Directors also reaffirmed the consensus reached at the last Executive Board meeting on the purpose and modalities of the ESF, including with respect to eligibility, qualification, conditionality, access guidelines, and financing terms.
Directors agreed to rename the current PRGF Subsidy Account as the PRGF-ESF Subsidy Account. The resources in this account will be used flexibly to subsidize either PRGF or ESF loans. They noted that such a fungible use of resources in the new PRGF-ESF Subsidy Account will allow for an early activation of the ESF using existing resources. Directors supported the creation of two new subsidy accounts—one to receive earmarked contributions and provide subsidies for PRGF loans only, and the other to receive earmarked contributions and provide subsidies for ESF loans only. They agreed that the resources in the PRGF-ESF Subsidy Account will be used only if there are no resources in the PRGF Subsidy Account or in the ESF Subsidy Account, as the case may be.
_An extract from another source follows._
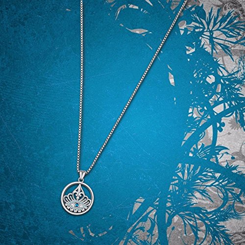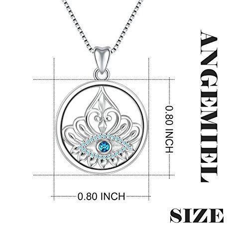 -. Title : 925 Sterling Silver Evil Eye Hamsa Hand Fatima Good Luck Blue CZ Vintage Pendant Necklace, Box Chain 18"

Directors recognized that the use of PRGF Subsidy Account resources for the MDRI will require the consent of all contributors to such account, and that the amendments to the PRGF Trust to establish the ESF will also require the consent of such contributors and, in addition, the consent of all lenders to the Loan Account. To address the contingency that a contributor may refuse to consent to such amendments, Directors agreed to authorize the Managing Director to return the remaining resources attributable to such dissenting contributor in full. To that effect, it was understood that the letter requesting contributors’ consents to the amendments should also elicit their consent for the Managing Director to take this action. Directors urged contributors and lenders to provide early consent, so that MDRI debt relief can be provided to qualifying countries in early January 2006 as planned.
Directors agreed that consistent with the current policy, members with arrears to the Fund in the GRA or to the Fund as Trustee will not be eligible for debt relief under the MDRI until such arrears are cleared. They looked forward to a follow-up paper on the issues related to the three protracted arrears cases (Liberia, Somalia, and Sudan).